Each state that has legalized medical marijuana has its own set of rules for “approved conditions” and “denied conditions.” In Colorado, for instance, cancer, glaucoma and HIV/AIDS are approved conditions for medical marijuana use. Conditions that cause cachexia (wasting syndrome), persistent muscle spasms, seizures, severe nausea, or severe pain are also on the approved list. The longer list of conditions that are not approved in Colorado for medical marijuana use include bipolar, posttraumatic stress, and clinical depression.

Each state with legalized medical marijuana has its own list of qualifying conditions, and these lists are likely to vary between states. These lists can be obtained easily online or from one’s health care provider. When a person has an approved debilitating condition qualifying them for medical marijuana use, and cannabis is legal in their state, they must obtain a medical card to purchase medical marijuana. With the recommendation of a local physician, a qualified individual can obtain a medical marijuana card in order to purchase products specifically designed for medical use.

Does Marijuana Offer Mental Health Benefits?

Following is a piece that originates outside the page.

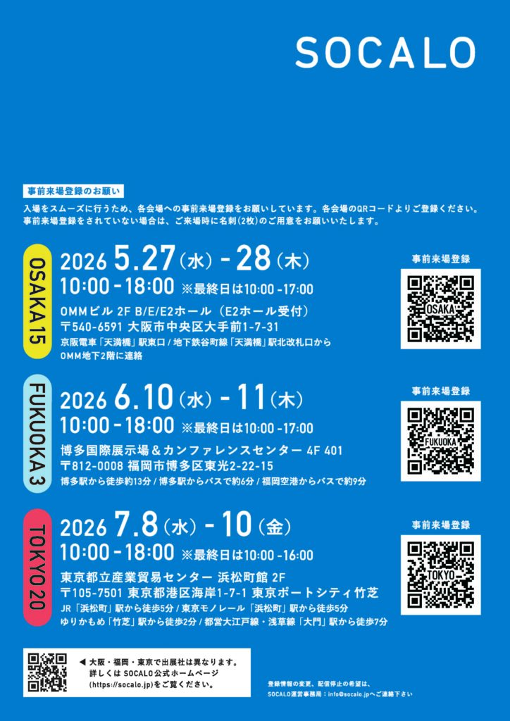 開催詳細・来場事前登録はSOCALO公式サイトにて:

While research is still being conducted, most recent available research shows marijuana may be helpful in the treatment of certain mental health conditions, such as social anxiety and posttraumatic stress, but may not be as helpful as a form of treatment for other conditions, such as bipolar.

Research also indicates marijuana may show promise as one approach to treatment for individuals who are attempting to overcome addiction to opioids. Marijuana is never recommended as a replacement for therapy or counseling.

Pros and Cons to Consider

Some people, when faced with conflicting evidence, may struggle to decide if medical marijuana is right for them. As I am not a medical doctor, I cannot recommend any kind of medical treatment. I can, however, point out some pros and cons of medical marijuana use in the treatment of chronic medical conditions, based on research, and these points can be further discussed with your health care providers.

Research-based pros of medical marijuana use:

  • Marijuana has been used for centuries as a medicinal agent.
  • Cannabis can relieve the rigidity or tension of the muscles sometimes associated with multiple sclerosis and paralysis.
  • Marijuana can help treat the nausea and loss of appetite often experienced by those who have HIV/AIDS or cancer or who are receiving chemotherapy.
  • Marijuana can be effective at easing nausea and vomiting that accompanies other severe or debilitating conditions.
  • Cannabis can relieve pain and can reduce the likelihood of opioid addiction in those coping with chronic pain.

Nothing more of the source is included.